To the Alabama fan base, however, there was one choice and one choice only: Mike Dubose. He had all that they (we) were looking for. He was an Alabama graduate, he was one of Bear's Boys, he had been at Alabama forever, he had turned out several great defensive linemen, and he was regarded by many to have been one of the hottest assistant coaches in the country. Moreover, Alabama fans felt it was of the utmost importance to have a degree of continuity from the Stallings era, considering how well we had done during his tenure. After all, why go for a complete makeover of a program that had posted seventy wins in the previous seven seasons? Shortly after the news of Stallings' resignation became official, the university's athletic department was bombarded with letters, phone calls, faxes, and e-mails all urging Mike Dubose to be chosen as the next head coach.
Dubose, however, was the antithesis of everything that Sorensen and Bockrath were looking for in a coach. He was the epitome of everything they sought to eliminate in the Alabama football program. Yet they felt trapped in their decision. They felt that, given the unbelievable amount of support for Dubose generated from the fan base, they had no other option but to hire Dubose, which is exactly what they did. In an ideal situation, from their perspective, Dubose would have probably never gotten a legitimate interview, and certainly would have never been hired. In reality, though, they felt the pressure on them was too great to do so, and they both feared the backlash that would have resulted in going against the current and hiring someone not named Mike Dubose.
The underlying problem was that neither Sorensen or Bockrath were the leaders needed to effectively run a football program. The problems were evident with Dubose, even when only looking surface deep. He had no previous head coaching experience whatsoever, and had in fact only spent one year as a defensive coordinator -- which, incidentally, marked the worst year defensively Stallings had in his tenure at Alabama. Essentially, we just promoted a lifelong defensive line coach, which, for example, is the exact same thing Ole Miss would do with Ed Orgeron eight years later. Despite the adoration for Dubose by the fans, there was simply no reason why Dubose should have ever been selected to lead an elite program in the nation's toughest conference, particularly one that was operating under the effect of NCAA sanctions, but neither Sorensen or Bockrath had the leadership ability, much less the fortitude, to go against the grain, take the heat, and reject Dubose in order to get a quality football coach.

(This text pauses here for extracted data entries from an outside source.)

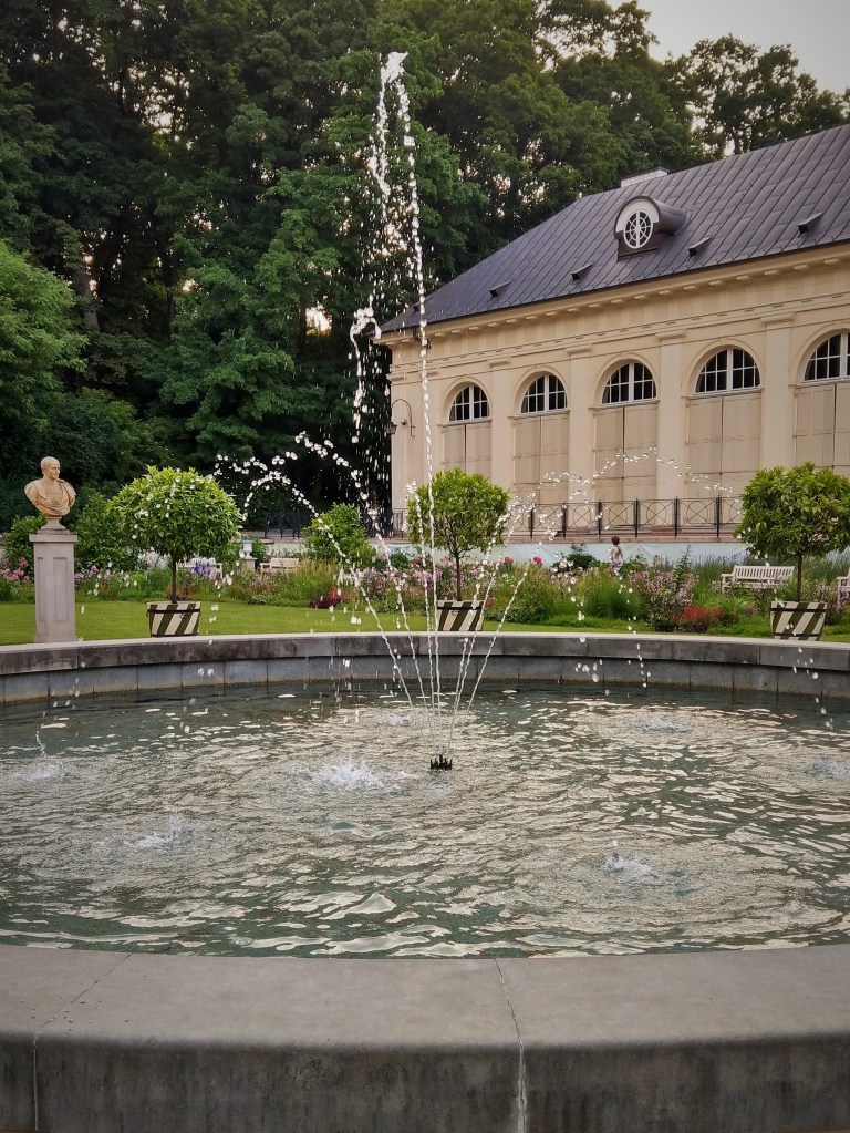 Ogród Królewski to najstarsza, najbardziej reprezentacyjna (i najbardziej oblegana) część Łazienek, założona w XVIII w. Wybrałam się tam wieczorem, po 20.00, kiedy nie było już zbyt wielu odwiedzających. Tematem przewodnim spaceru była woda (jak to w łazienkach). Jest jej tu dużo – w stawach, kanałach, źródełkach, fontannach, a także w kamieniu – szemrząca, pluszcząca, ciurkająca i plumkająca… Po tygodniu morderczych upałów przyniosła prawdziwe ukojenie.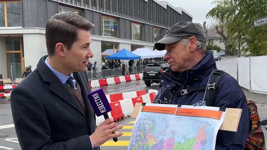 Житель Женевы Мартин вышел 18 февраля на одиночный пикет во время переговоров по украинскому урегулированию. В разговоре с корреспондентом «Известий» Игорем Балдиным мужчина пояснил, что карта связана с его давней поездкой в Россию.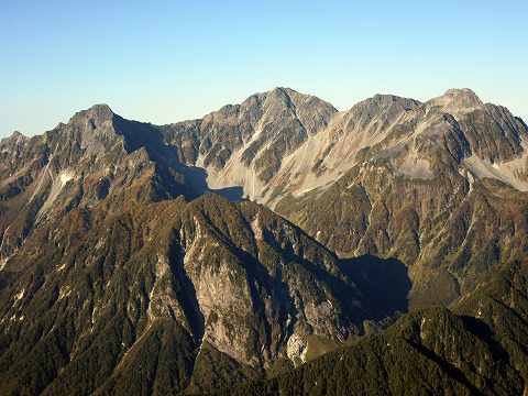 前穂、奥穂、涸沢、そして北穂 穂高連山をズームアップした姿です。 左から前穂高岳、吊り尾根を経て奥穂高岳、涸沢岳、そして北穂高岳です。 |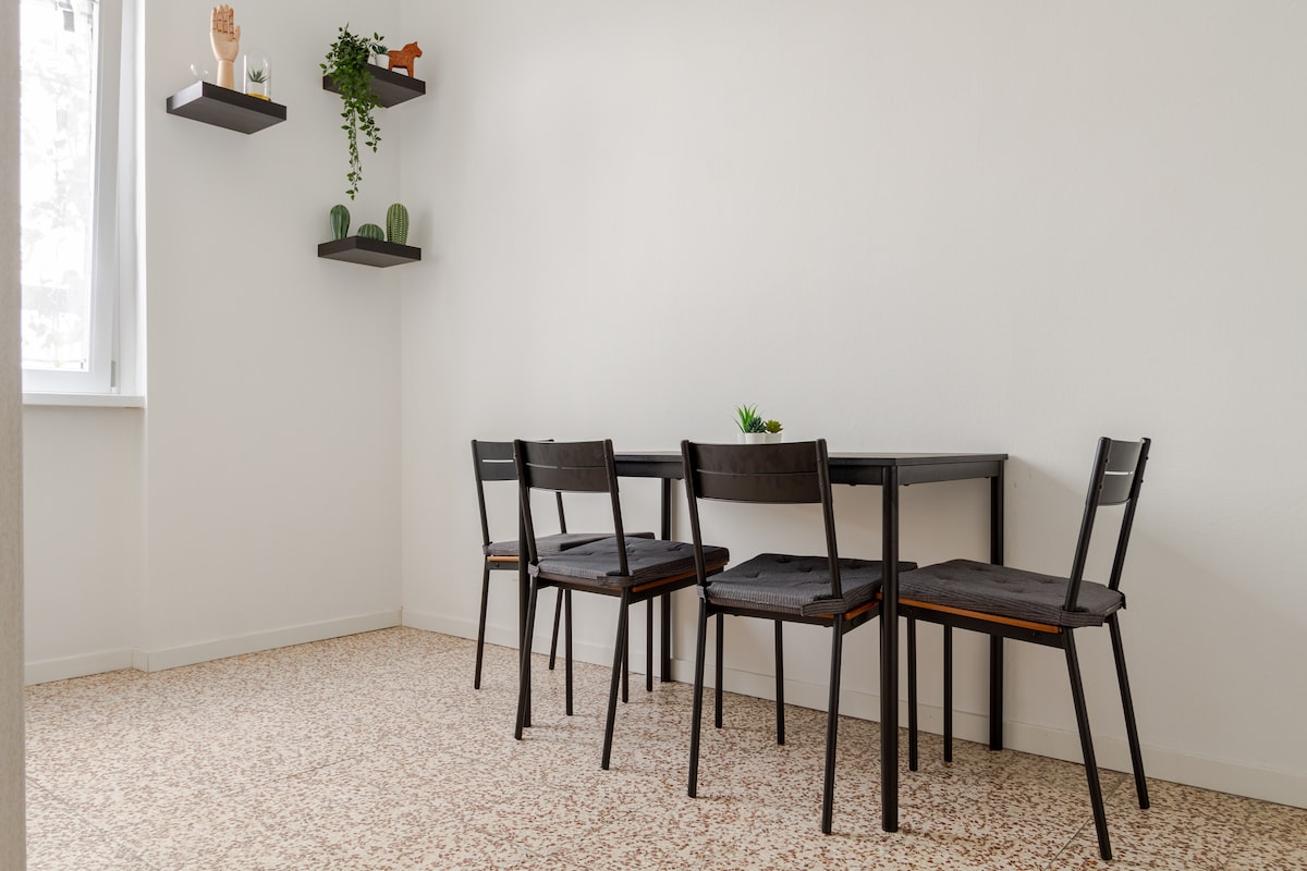 Sa isang tipikal na Old Milan railing house, isang komportableng maliwanag na apartment na may dalawang kuwarto at napaka - tahimik. Limang minutong lakad ang layo mula sa metro stop, malapit sa Fondazione Prada at ilang restawran at pub. Maayos na inayos ang apartment: ang sala na may dining area, workspace at komportableng sofa bed; ang silid - tulugan na may double bed at desk. Ang kaaya - ayang lugar sa labas para makapagpahinga at masiyahan sa katahimikan ng kalangitan at mga rooftop. Napakabilis na wifi: 420 Mbps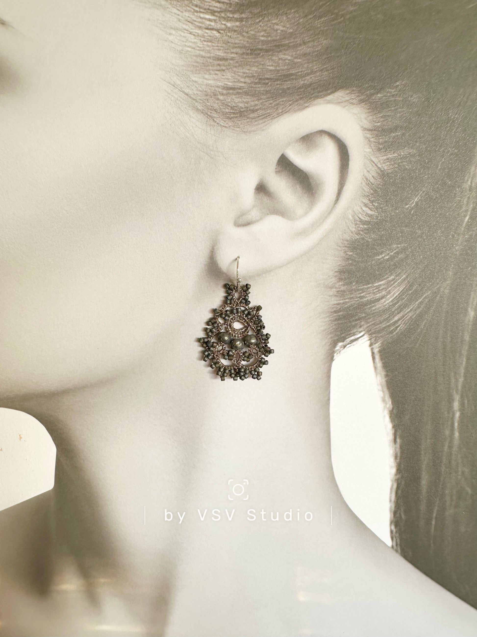 Moonlight Dance Black Tatting Earrings: These earrings exude a gentle elegance, crafted with soft gold tatting thread, delicate Japanese seed beads, and baroque cotton pearls, reminiscent of a graceful dance under the moonlight. The silver-plated copper hooks add a touch of modern sophistication. Perfect for everyday wear or special occasions, these earrings bring a unique sense of refined beauty to any look.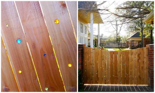 Еще одна идея для деревянного дачного забора — разукрасите его разноцветными стеклянными шариками. Их можно поискать в Икее. Получается волшебно, особенно игра солнечных лучей.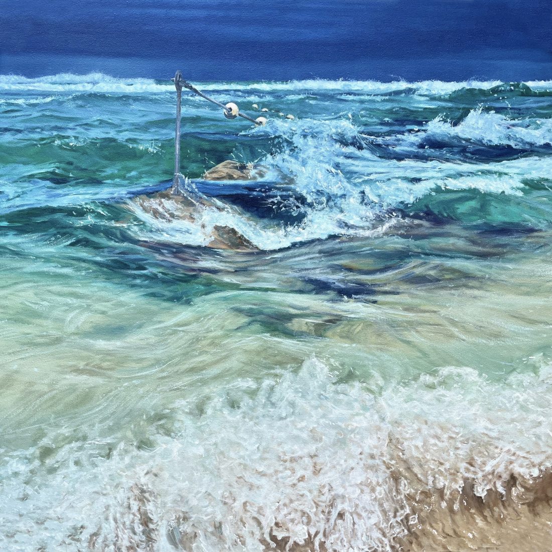 “Looking into a rock pool, you are greeted by a captivating world where the water gently ripples and swirls. The surface glistens under the sun, reflecting a mosaic of colours—deep blues, vibrant greens, and hints of gold. When I approached a young woman, and explained that I’m an artist focused on capturing water and movement, I asked if I could document her dive for inspiration. I was mesmerized by how the water transformed her form and the rock pool beneath, creating a fluid connection between the two subjects.” explains Fiona Clark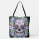 Purple Sugar Skull with Flowers Tote Bag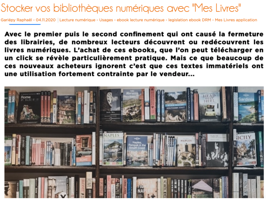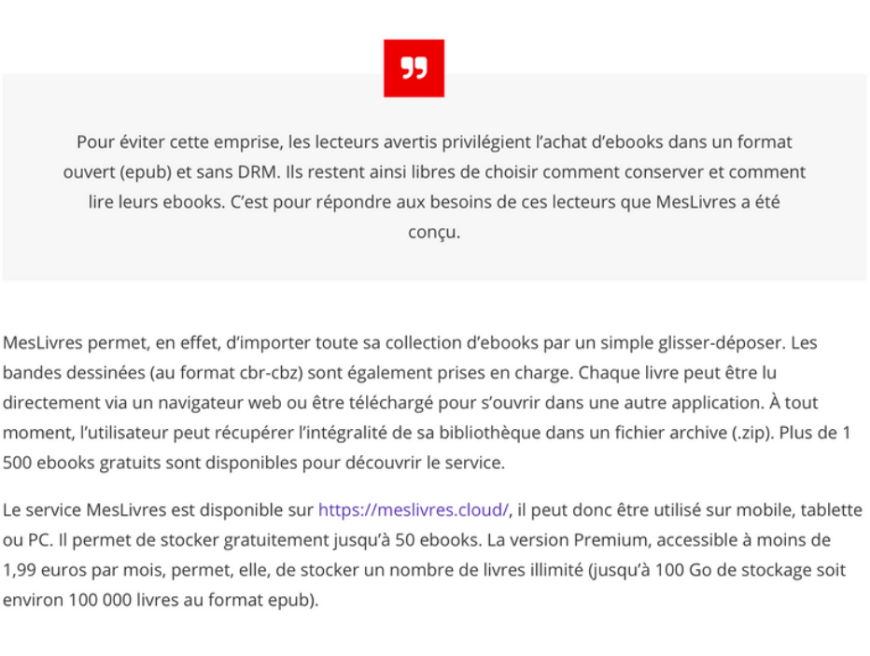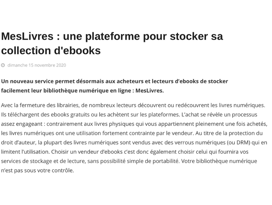 "Un nouveau service permet désormais aux acheteurs et lecteurs d’ebooks de stocker facilement leur bibliothèque numérique en ligne : MesLivres."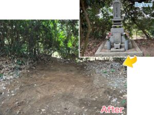 左側の大きなお墓と、右手の小ぶりなお墓、どちらもお墓じまいをご希望でした。ご遺骨は、近くにある菩提寺様の納骨堂へ移され、永代供養されるということでした。とてもきれいにされていて、これまで大切に守ってこられたのが分かります。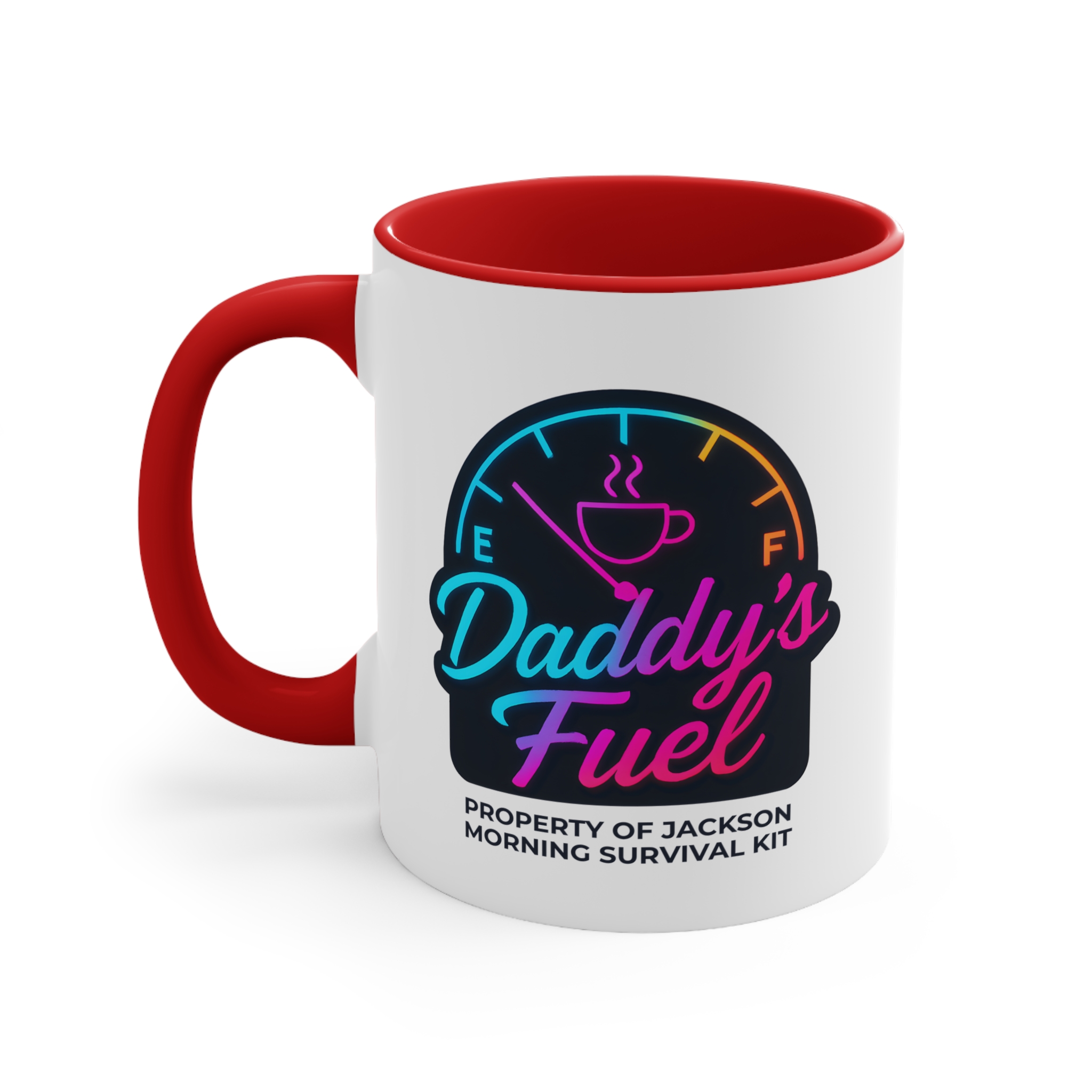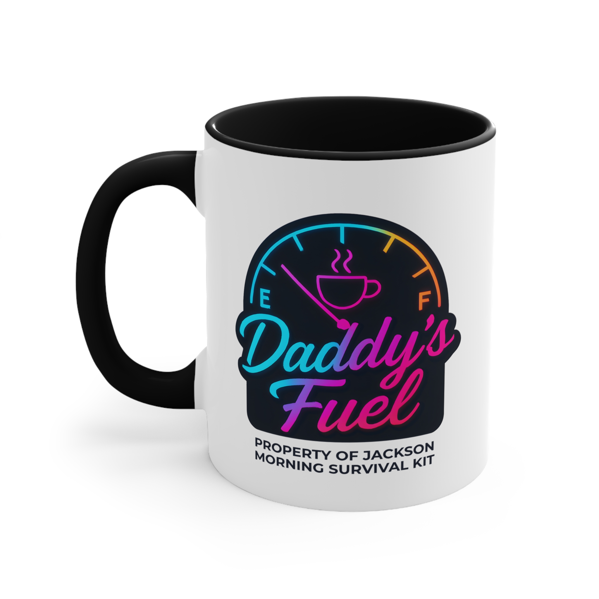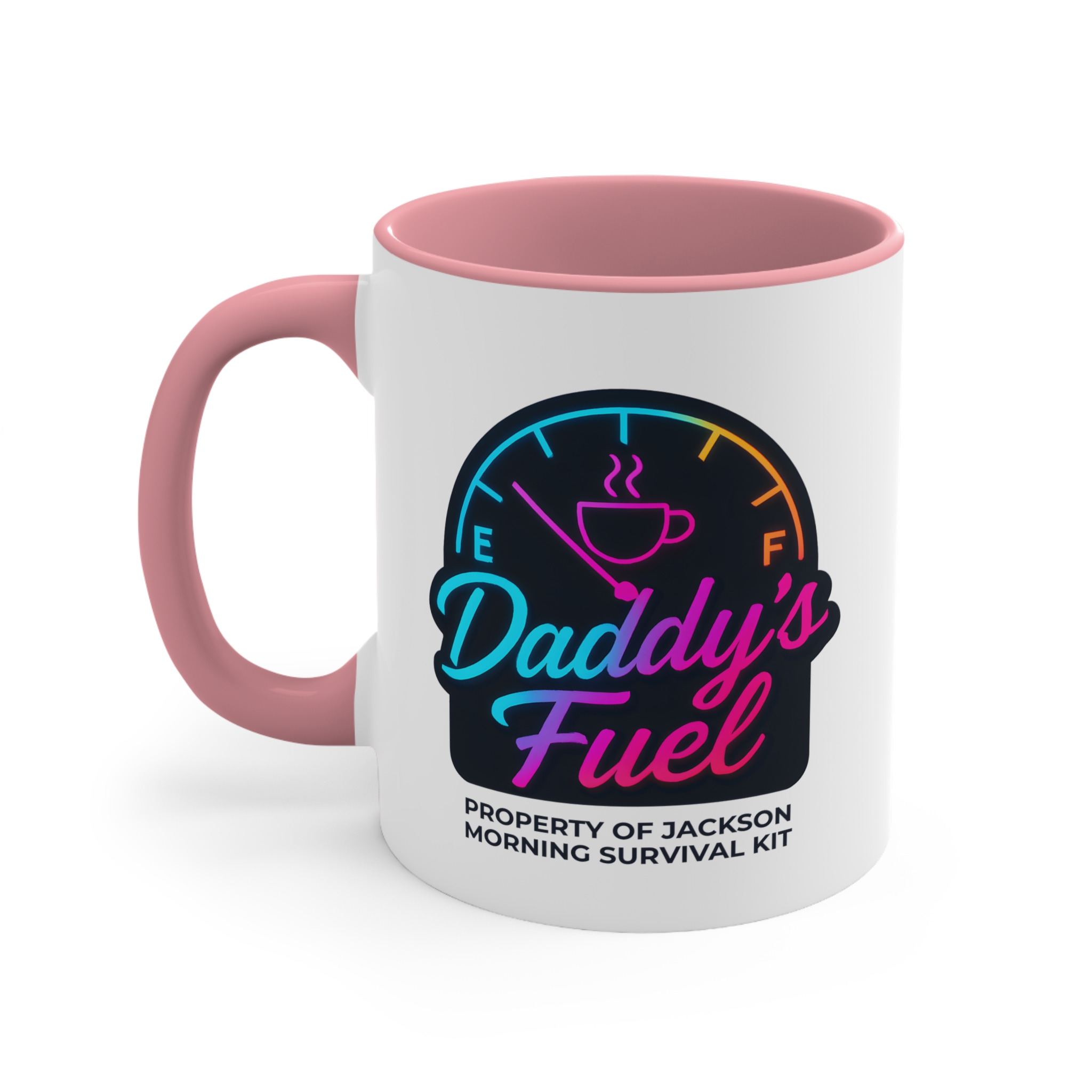 Start Dad’s engine the right way with this personalised dad mug featuring a vibrant neon fuel gauge design. With “Daddy’s Fuel” in bold, colourful script and “Property of [Child’s Name] – Morning Survival Kit” underneath, this mug is a perfect blend of fun and function. The glowing color gradient makes it stand out in any kitchen — and in Dad’s morning routine.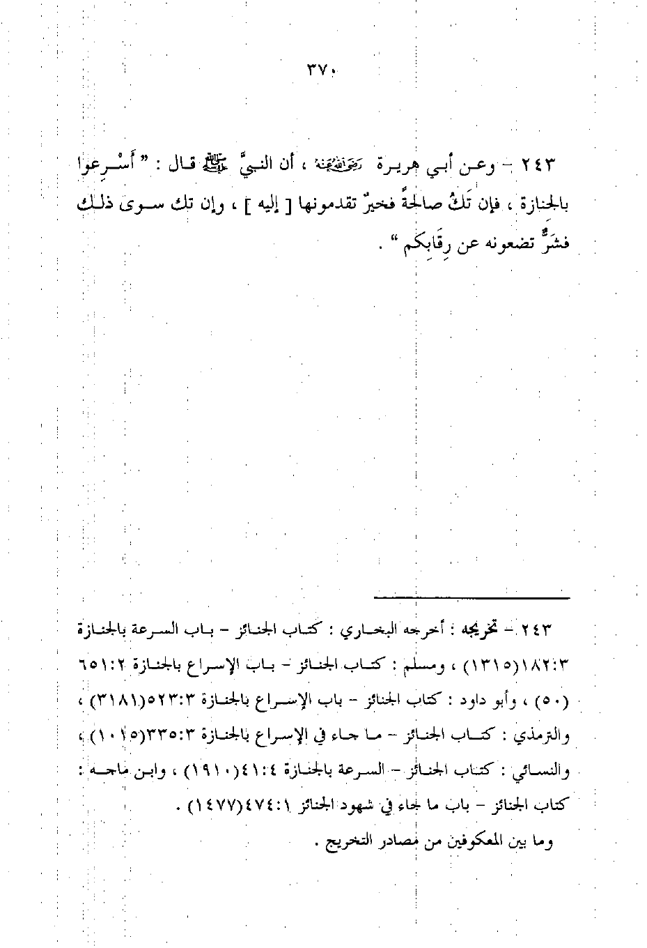 243 - تخريجه: أخرجه البخاري: كتاب الجنائز - باب السرعة بالجنازة 3: 182 (1315)، ومسلم: كتاب الجنائز - باب الإسراع بالجنازة 2: 651 (50)، وأبو داود: كتاب الجنائز - باب الإسراع بالجنازة 3: 352 (3181) , والترمذي: كتاب الجنائز - ما جاء في الإسراع بالجنازة 3: 335 (1015)، والنسائي: كتاب الجنائز - السرعة بالجنازة 4: 41 (1910)، وابن ماجه: كتاب الجنائز - باب ما جاء في شهود الجنائز 1: 474 (1477).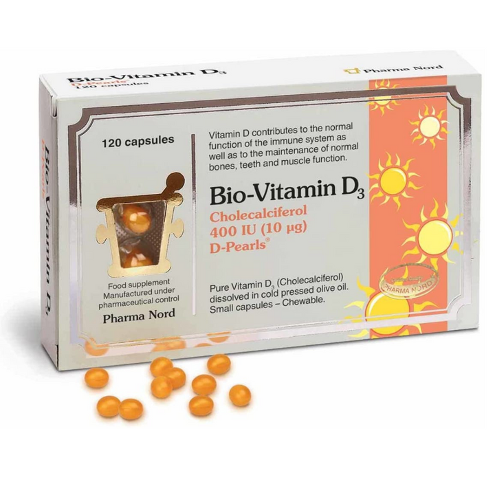 | Vitamin D3 supports immunity, muscle function and the maintenance of teeth and bones. Bio-Vitamin D3 are dissolved in cold-pressed olive oil and in small, easy-to-swallow pearls. Bio-Vitamin D3 uses the ideal form of vitamin D for the body and demonstrates proven bio-availability.IngredientsOlive oil, capsule shell: bovine gelatin, humectant: glycerol, purified water, cholecalciferol (vitamin D3)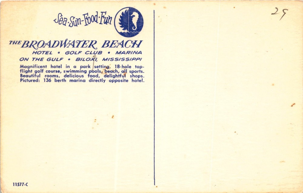 MAKE AN OFFER. THE MORE YOU BUY THE BETTER DEAL I WILL ACCEPT The postcard advertises The Broadwater Beach Hotel in Biloxi, Mississippi, as a destination for sea, sun, food, and fun. The hotel is described as magnificent, set in a park setting with beautiful rooms, delicious food, and delightful shops.

It was simply a case of where the insane took over the asylum. The leadership structure was simply not in place to prevent it from happening. Football fans are just that, fans, not decision makers. They (read we) are not qualified in any way to make football related decisions at the institutional level. They should have had little or no bearing on the ultimate decision as to who would be the next head coach, but the volume of their outpouring of support for Dubose resulted in Sorensen and Bockrath caving to the fan base, which resulted in the hiring of Dubose. They did not want him, and they probably knew his hiring was a mistake, but they did not have the fortitude or the leadership abilities to prevent it from happening. Either way, for better or for worse, Mike Dubose was hired as the head football coach at The University of Alabama.